Ale
Usuario poco activo
Hola! Lo siguiente es el relato de un sueño que tuve durante mucho tiempo en mi época de adolescente. Hay algunas cosas agregadas o modificadas, pero en su mayoría es "real y fiel" a lo que soñaba. Espero sus opiniones
Abro los ojos. Quisiera decir que estoy de pie en un desierto, pero de hacerlo pecaría de falsedad pues aún en esos lugares desolados hay algo, vivo o muerto. Pero aquí, en este lugar al que volveré varias veces, la nada prevalece.
Como en la mayoría de los sueños, no hay color. Hay un arriba, que no llamo cielo. ¿Cómo podría dar a ese nombre a un lienzo en blanco? Hay un abajo. Le digo suelo, aunque parece idéntico a la superficie por sobre mi cabeza. Hay un horizonte. Y hay luz, la cual no proyecta sombra.
Algo llama mi atención. Volteo para mirar y encontrarme con las figuras. Nunca recordaré cuántas son, ni sabré quiénes son.

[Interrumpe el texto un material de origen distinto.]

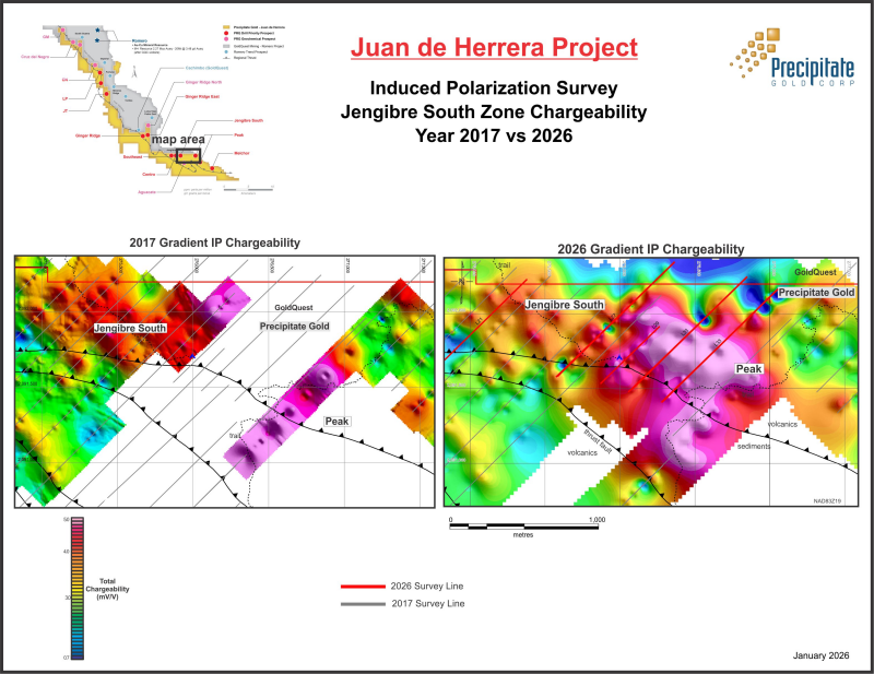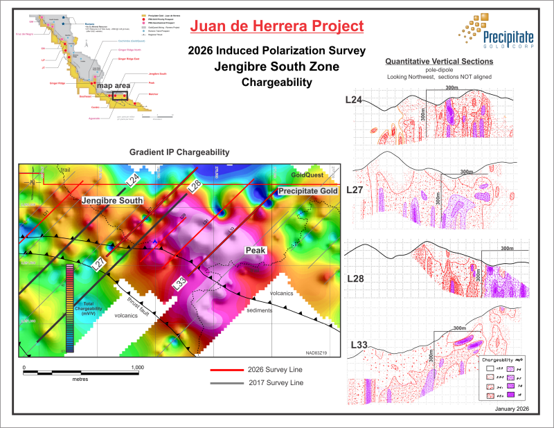 Vancouver, B.C. – January 14, 2026 – TheNewswire – Precipitate Gold Corp. (the “Company” or “Precipitate”) (TSXV: PRG, OTCQB: PREIF) is pleased to announce results from its induced polarization (“IP”) ground geophysical survey at the Jengibre South zone within its 100% owned Juan de Herrera Project (“Juan de Herrera” and the “Project”) in the Dominican Republic.

El tiempo me hará pensar en sus nombres.
Están borrosas. Se van, se alejan. Y yo deseo estar ahí, a su lado. No quiero estar solo.
Intento caminar. No puedo. Mis piernas responden pero parecieran estar pegadas al abajo. Hago un esfuerzo y doy el primer paso. Es como caminar bajo el agua.
El avance es lento. Cada movimiento es más difícil que el anterior. Pareciera que trato de mover extremidades de piedra.
Las figuras se hacen cada vez más chicas. Comienzo a desesperarme. Yo también quiero ir. Y lo curioso, lo extraño, es que no intento llamar su atención, de pedir ayuda a gritos.
El último paso es extenuante. Miro hacia abajo para descubrir que ahora mis piernas son de mármol. Atentando contra lo imposible, trato de avanzar. Y mis piernas estallan.
Caigo. Trato de arrastrarme por la superficie seca del abajo. Siento que se me desgarra el cuerpo. Y ya no tengo fuerzas para avanzar. Aterrado, miro las figuras que ahora son motas a instantes de desvanecerse. Quiero gritar, pero es tarde. Mi boca se abre. De ella solo surge un gorgoteo. Mi lengua está muerta.
Me rindo. Estoy solo en la vacuidad.
No sé cuánto, pues en sueños el tiempo es irregular e imposible de calcular, permanezco boca abajo. No estoy llorando. Sé que espero. Alguien. Algo.
El abajo se estremece. Un sonido, el único que habrá de sentirse, se oye a la lejanía. Consigo sentarme. Veo otra mota. Se acerca rápido.
No quiero que llegue, pero no hay escape.
Apenas un metro nos separa. Nos miramos. Quien haya visto una armadura podrá entenderme cuando digo que eso es lo que está frente a mí. Su sombra flamea como una bandera. La empuñadura de una espada sin hoja descansa a su izquierda.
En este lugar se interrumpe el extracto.